7. "Unit Circle Illustrations." The Textpotential Educational Organization. Creative Commons,
9 June 2010. Web. 16 Feb. 2012.
<http://www.textpotential.org/Textpotential/Unit_Circle_Illustrations.html>.
This website contains a series of illustrations in relation to the unit circle. Some pictures
include the unit circle being drawn as the Wheel of Fortune, a basketball, a dart board,
etc.
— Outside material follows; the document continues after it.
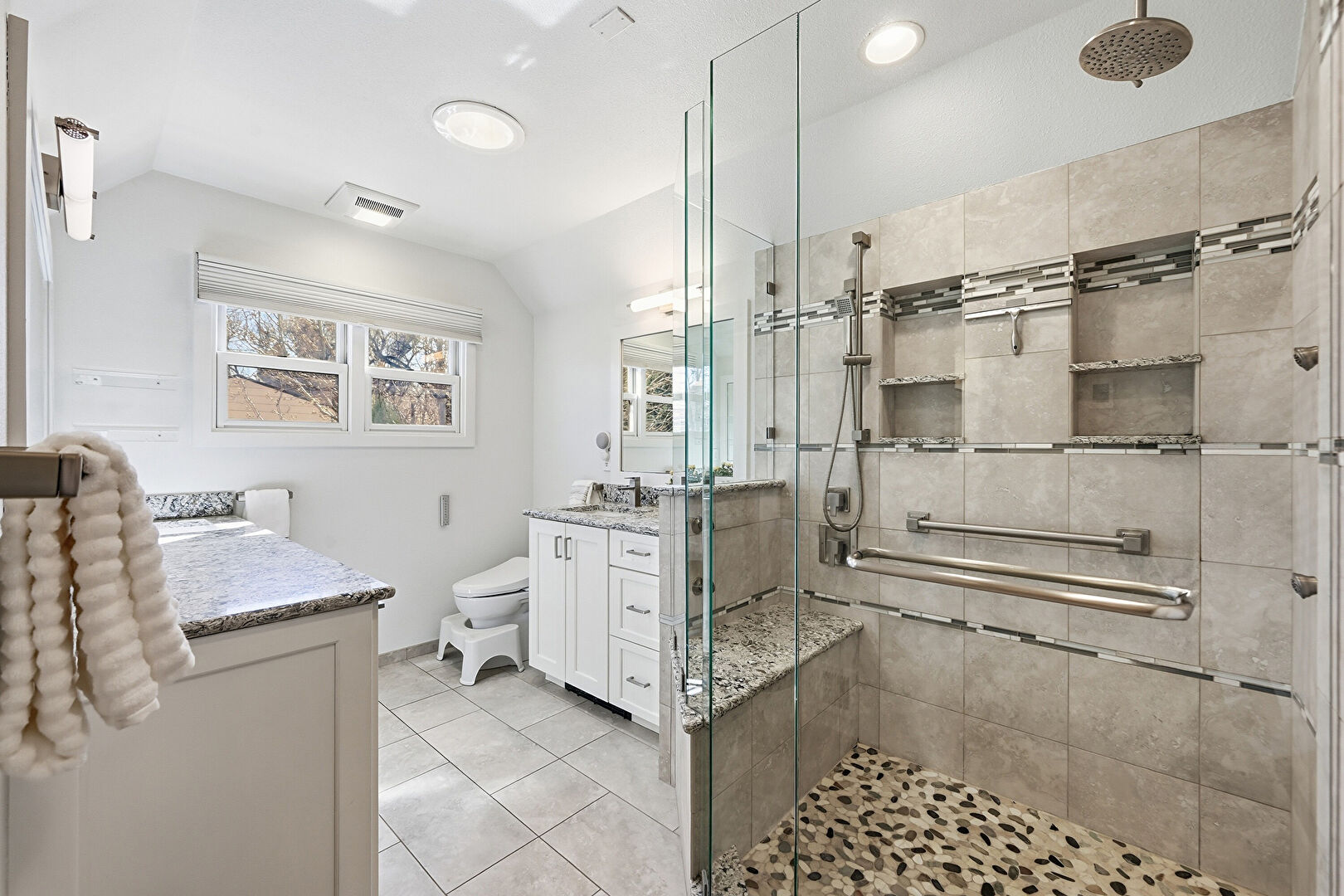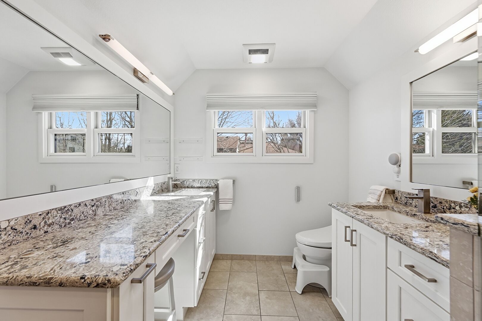 Baseboards Wall, Drywall, Full Bathroom, Half Bathroom, Natural Light, Radiator, Tile Floor, Tile Wall, Two Single Vanities, Vanity, Vaulted Ceiling, Vent, Wainscot Wall, Full Bathroom, Natural Light, Radiator, Vanity, Vent

An assignment could be give to the students asking them to draw the unit circle any
way they would like. These illustrations will help spark their creativity and display their
personalities in a mathematical drawing. These pictures that the students create could also
help them make connections between the unit circle and something that is interesting to
them. Artistic and visual learners would really appreciate this assignment. As a teacher I
would be really excited to see what pictures the students come up with.